-- Dataset content follows --

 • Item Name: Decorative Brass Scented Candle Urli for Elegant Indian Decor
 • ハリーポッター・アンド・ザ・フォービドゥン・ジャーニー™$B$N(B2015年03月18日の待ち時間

-- Dataset content concluded --
-- Dataset content follows --

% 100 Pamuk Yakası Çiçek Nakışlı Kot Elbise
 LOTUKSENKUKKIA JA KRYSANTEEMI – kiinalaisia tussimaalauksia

-- Dataset content concluded --

The listing above holds a line with "Nakışlı Kot Elbise" and a line with "LOTUKSENKUKKIA JA KRYSANTEEMI". Print the stretch from the first through the second, exactly and alone.

Exercise response:
% 100 Pamuk Yakası Çiçek Nakışlı Kot Elbise
 LOTUKSENKUKKIA JA KRYSANTEEMI – kiinalaisia tussimaalauksia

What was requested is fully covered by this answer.